Deux unités posent aussi problème parce qu’elles se ressemblent à l’écrit. Le hash par seconde se décline en kilo, méga, giga, téra, péta et exa, chaque palier valant mille fois le précédent : entre les 200 H/s d’un petit processeur et les 899 EH/s du réseau Bitcoin, l’écart compte dix-huit zéros. Et le satoshi, cent-millionième de bitcoin, sert d’unité de compte dès qu’on parle de production domestique, parce que les montants en jeu ne s’écrivent pas confortablement en bitcoins. Confondre les deux échelles explique la plupart des estimations de rendement fantaisistes qu’on lit sur les forums.

Questions fréquentes sur le minage pour débutants

Question

Réponse

Peut-on encore miner de l’Ethereum ?

Non. Le réseau est passé en preuve d’enjeu le 15 septembre 2022 et rémunère des validateurs. Ethereum Classic conserve la preuve de travail avec l’algorithme Etchash.

Quelle crypto miner quand on débute ?

Monero au processeur pour apprendre sans rien acheter, Ergo ou Ravencoin si une carte graphique récente est déjà disponible, comme l’explique la page sur le minage de crypto-monnaies avec une carte graphique.

Combien rapporte le minage crypto par jour ?

Entre 0,10 et 0,85 € brut par machine domestique, avant une électricité qui coûte de 0,43 à 1,73 € selon le matériel. La marge n’est positive que sur une carte récente bridée.

Combien de temps faut-il pour miner un bitcoin ?

Au rythme du réseau à la mi-août 2026, un térahash par seconde rapporte 50 satoshis par jour : réunir un bitcoin entier demande donc deux millions de térahash-jours. Un Antminer S21 Pro, à 234 TH/s, y met vingt-trois ans et brûle 720 000 kWh au passage, soit 144 000 € de courant au tarif domestique. Le halving de 2028 doublera cette durée.
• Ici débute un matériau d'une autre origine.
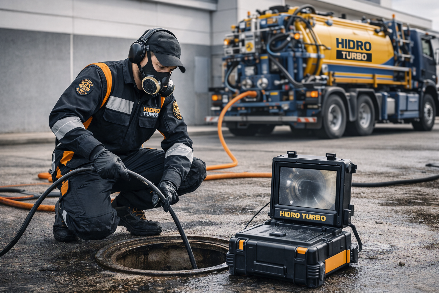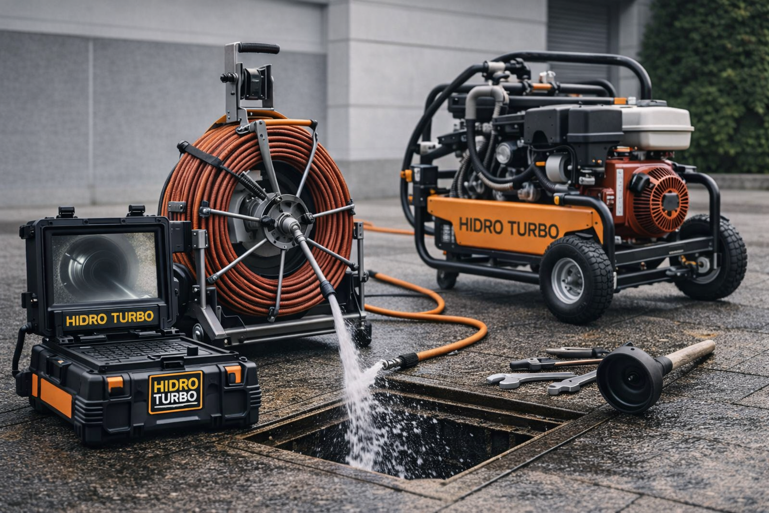 Limpeza com jato de alta pressão para remover sujeiras e obstruções difíceis com eficiência.

Comment gagner 100 € par jour avec le minage ?

La question se retourne. À 15 joules par térahash, un ASIC de série courante produit 0,076 € de bitcoin par kilowattheure consommé : franchir 100 € bruts par jour réclame 1 310 kWh quotidiens, soit une quinzaine d’ASIC et 55 kW en continu, quand un abonnement résidentiel plafonne à 36 kVA. Ces 1 310 kWh coûtent 260 € au tarif réglementé. Le brut de 100 € existe, la marge non.

Faut-il miner seul ou en pool ?

En pool. En solo, l’espérance de trouver un bloc sur Bitcoin avec du matériel domestique se compte en dizaines de milliers d’années.
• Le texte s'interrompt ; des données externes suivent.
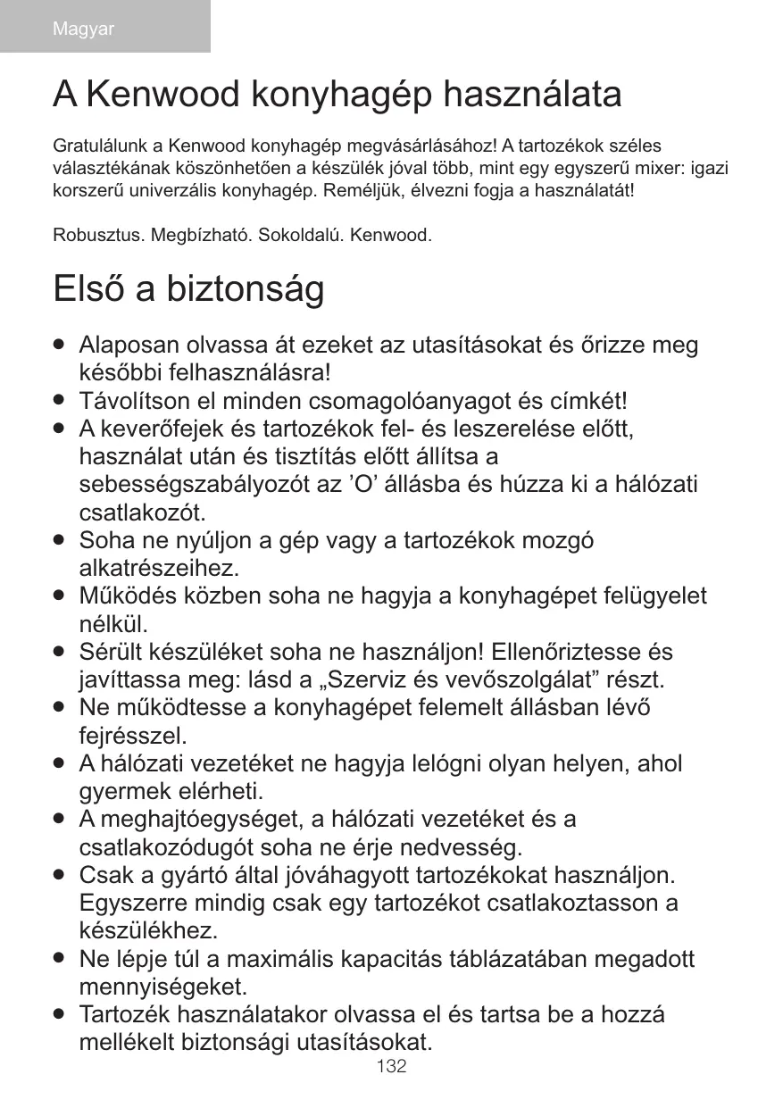HASZNÁLATI ÚTMUTATÓ KM280 KENWOOD

Le minage sur téléphone existe-t-il ?

Pas au sens technique. Les applications distribuent un jeton maison contre une présence quotidienne, sans calculer le moindre hash.

Faut-il déclarer ses gains dès le premier euro ?
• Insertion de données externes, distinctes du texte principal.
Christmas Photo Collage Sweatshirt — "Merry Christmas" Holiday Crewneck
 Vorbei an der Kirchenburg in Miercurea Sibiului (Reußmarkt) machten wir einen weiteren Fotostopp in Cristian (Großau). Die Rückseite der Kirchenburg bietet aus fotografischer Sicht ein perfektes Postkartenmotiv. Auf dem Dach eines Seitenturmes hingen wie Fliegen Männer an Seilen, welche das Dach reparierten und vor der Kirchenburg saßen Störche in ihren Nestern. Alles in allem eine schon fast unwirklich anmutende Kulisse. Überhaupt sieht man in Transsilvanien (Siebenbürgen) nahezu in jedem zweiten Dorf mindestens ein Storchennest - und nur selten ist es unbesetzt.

Oui, en BNC, à leur valeur en euros au jour de la réception. Le régime micro s’applique automatiquement sous le seuil, avec un abattement de 34 %.

Peut-on miner sans acheter de matériel ?

On loue de la puissance sur une place de marché, pour quelques heures et à prix connu. Les « contrats » à dépôt qui promettent un rendement quotidien relèvent d’autre chose. Le tri est fait dans la page qui compare les six façons de miner des crypto-monnaies.

Qu’est-ce qui fait perdre de l’argent le plus vite quand on débute ?

Une carte laissée au réglage d’usine, un pool dont le seuil de retrait dépasse la production d’une année, et un mineur téléchargé ailleurs que sur son dépôt. Le chiffrage de chacune figure dans la page sur les erreurs qui coûtent le plus cher aux débutants.